Pourquoi la mise au point de nouveaux antibiotiques est une question de vie ou de mort

Antibiotique

Les superbactéries tuent 700 000 personnes par an – un chiffre qui devrait passer à 10 millions d’ici 2050 ;
Les nouveaux traitements pour lutter contre ce risque de santé publique ne sont pas créés assez rapidement ;
Les décideurs politiques doivent réparer le marché des antibiotiques en panne et inciter les fabricants de médicaments en rendant le succès commercial plus prévisible.
Après plusieurs séances de chimiothérapie et une greffe de moelle osseuse, elle était en bonne voie de guérison. Puis une superbactérie s’est attaquée à elle. Malgré les efforts de ses médecins, l’infection résistante aux médicaments s’est propagée à ses poumons et à son sang. Son système immunitaire affaibli par la chimiothérapie ne pouvait pas combattre l’infection et elle est rapidement décédée.

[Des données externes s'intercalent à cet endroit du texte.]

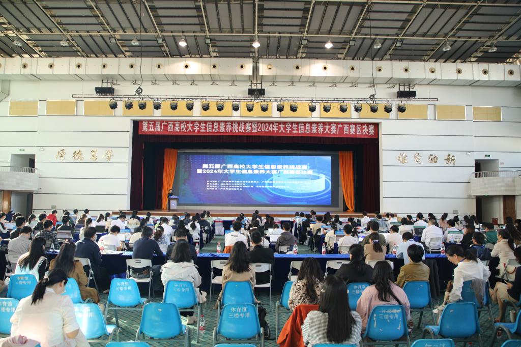 11月9日,第五屆廣西高校大學生信息素養(yǎng)挑戰(zhàn)賽暨2024年大學生信息素養(yǎng)大賽廣西賽區(qū)決賽在我校屏風校區(qū)體育館成功舉辦。本次比賽由大學生信息素養(yǎng)大賽組織委員會主辦,廣西高教學會圖書館專業(yè)委員會、廣西高校圖書情報工作指導(dǎo)委員會和桂林理工大學圖書館承辦。學校黨委常委、副校長羅盛鋒,廣西高教學會圖書館專業(yè)委員會理事長、廣西高校圖書情報工作指導(dǎo)委員會主任委員、廣西大學教授王承就出席開幕式。

Malheureusement, de telles histoires sont bien trop fréquentes. Des superbactéries comme celle-ci tuent déjà 700 000 personnes dans le monde chaque année et ce chiffre pourrait atteindre 10 millions d’ici 2050. Cela s’explique en grande partie par le fait que les superbactéries évoluent plus rapidement que nous ne créons de nouveaux traitements ; au cours des 30 dernières années, une seule nouvelle classe d’antibiotiques a été approuvée.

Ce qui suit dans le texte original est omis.